■ Task directions
In the listing below, find the line holding "Παιδαγωγικό βοήθημα που" and the line holding "Ocitizens offers its". Write out those two lines and all lines between, exactly, and nothing more.

■ Provided material
------------------------------------------------------------
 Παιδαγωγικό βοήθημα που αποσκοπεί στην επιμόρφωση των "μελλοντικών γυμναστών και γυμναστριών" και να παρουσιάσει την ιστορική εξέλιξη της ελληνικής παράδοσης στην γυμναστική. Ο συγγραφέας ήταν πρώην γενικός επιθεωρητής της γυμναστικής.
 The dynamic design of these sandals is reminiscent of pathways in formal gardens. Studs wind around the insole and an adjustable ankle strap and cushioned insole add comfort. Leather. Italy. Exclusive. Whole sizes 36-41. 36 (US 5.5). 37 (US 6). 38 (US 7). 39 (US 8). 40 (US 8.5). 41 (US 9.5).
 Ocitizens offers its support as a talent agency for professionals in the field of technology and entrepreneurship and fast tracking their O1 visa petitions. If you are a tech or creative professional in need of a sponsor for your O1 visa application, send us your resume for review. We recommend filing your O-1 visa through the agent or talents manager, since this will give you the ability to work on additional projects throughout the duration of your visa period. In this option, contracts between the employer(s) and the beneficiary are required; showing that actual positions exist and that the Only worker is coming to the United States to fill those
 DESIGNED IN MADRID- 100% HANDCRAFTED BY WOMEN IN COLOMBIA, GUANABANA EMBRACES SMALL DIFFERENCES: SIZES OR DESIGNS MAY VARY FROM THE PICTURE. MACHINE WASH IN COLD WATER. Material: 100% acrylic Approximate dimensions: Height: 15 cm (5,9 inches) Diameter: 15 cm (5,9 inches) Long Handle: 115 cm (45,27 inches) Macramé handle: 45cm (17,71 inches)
------------------------------------------------------------
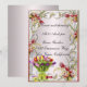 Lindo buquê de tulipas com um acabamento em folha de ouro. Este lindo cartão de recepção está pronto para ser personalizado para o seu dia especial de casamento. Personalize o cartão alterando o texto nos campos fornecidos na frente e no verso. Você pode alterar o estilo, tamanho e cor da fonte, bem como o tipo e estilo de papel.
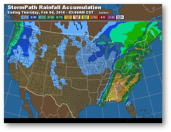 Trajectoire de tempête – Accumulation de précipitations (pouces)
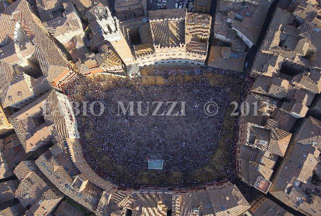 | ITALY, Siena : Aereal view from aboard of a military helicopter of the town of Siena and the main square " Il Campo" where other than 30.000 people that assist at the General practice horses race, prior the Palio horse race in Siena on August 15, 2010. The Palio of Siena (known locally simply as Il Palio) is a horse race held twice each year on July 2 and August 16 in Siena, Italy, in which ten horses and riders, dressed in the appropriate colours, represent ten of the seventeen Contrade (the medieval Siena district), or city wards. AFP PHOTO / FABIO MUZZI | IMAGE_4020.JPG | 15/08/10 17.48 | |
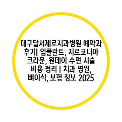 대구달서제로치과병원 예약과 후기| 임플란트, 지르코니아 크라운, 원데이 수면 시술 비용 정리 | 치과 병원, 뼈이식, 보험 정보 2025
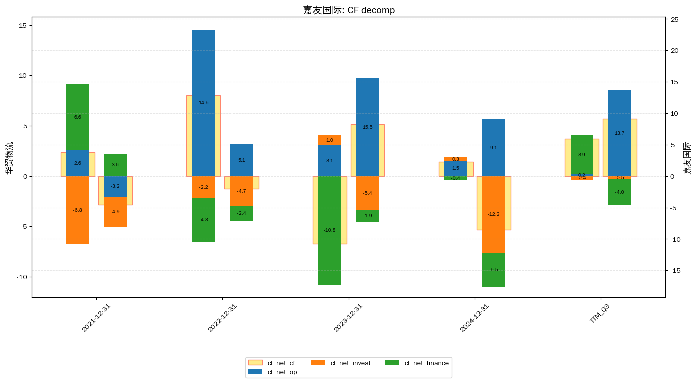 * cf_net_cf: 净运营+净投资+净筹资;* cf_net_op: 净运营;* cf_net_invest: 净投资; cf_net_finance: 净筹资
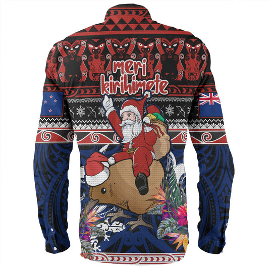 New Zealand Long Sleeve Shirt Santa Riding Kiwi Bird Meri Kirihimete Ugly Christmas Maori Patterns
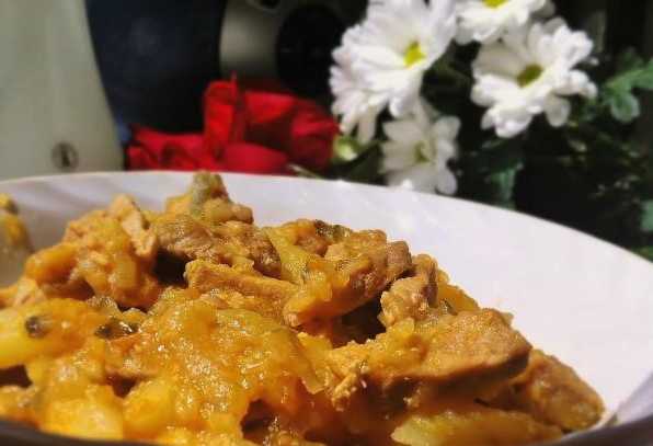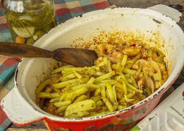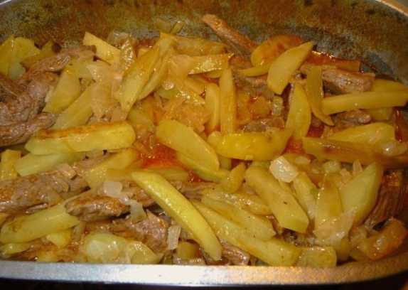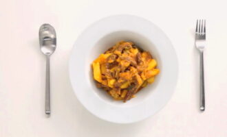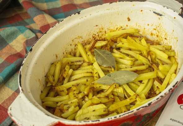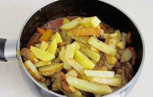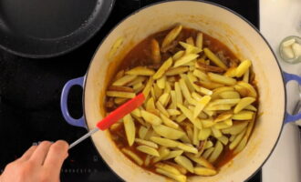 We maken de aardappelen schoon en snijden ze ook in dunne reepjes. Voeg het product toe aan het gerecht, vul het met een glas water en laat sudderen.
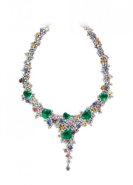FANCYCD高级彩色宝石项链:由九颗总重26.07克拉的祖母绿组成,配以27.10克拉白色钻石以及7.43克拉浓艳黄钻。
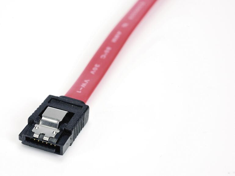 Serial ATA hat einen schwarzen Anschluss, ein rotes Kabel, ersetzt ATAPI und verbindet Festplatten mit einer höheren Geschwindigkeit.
------------------------------------------------------------
■ Task response
 Παιδαγωγικό βοήθημα που αποσκοπεί στην επιμόρφωση των "μελλοντικών γυμναστών και γυμναστριών" και να παρουσιάσει την ιστορική εξέλιξη της ελληνικής παράδοσης στην γυμναστική. Ο συγγραφέας ήταν πρώην γενικός επιθεωρητής της γυμναστικής.
 The dynamic design of these sandals is reminiscent of pathways in formal gardens. Studs wind around the insole and an adjustable ankle strap and cushioned insole add comfort. Leather. Italy. Exclusive. Whole sizes 36-41. 36 (US 5.5). 37 (US 6). 38 (US 7). 39 (US 8). 40 (US 8.5). 41 (US 9.5).
 Ocitizens offers its support as a talent agency for professionals in the field of technology and entrepreneurship and fast tracking their O1 visa petitions. If you are a tech or creative professional in need of a sponsor for your O1 visa application, send us your resume for review. We recommend filing your O-1 visa through the agent or talents manager, since this will give you the ability to work on additional projects throughout the duration of your visa period. In this option, contracts between the employer(s) and the beneficiary are required; showing that actual positions exist and that the Only worker is coming to the United States to fill those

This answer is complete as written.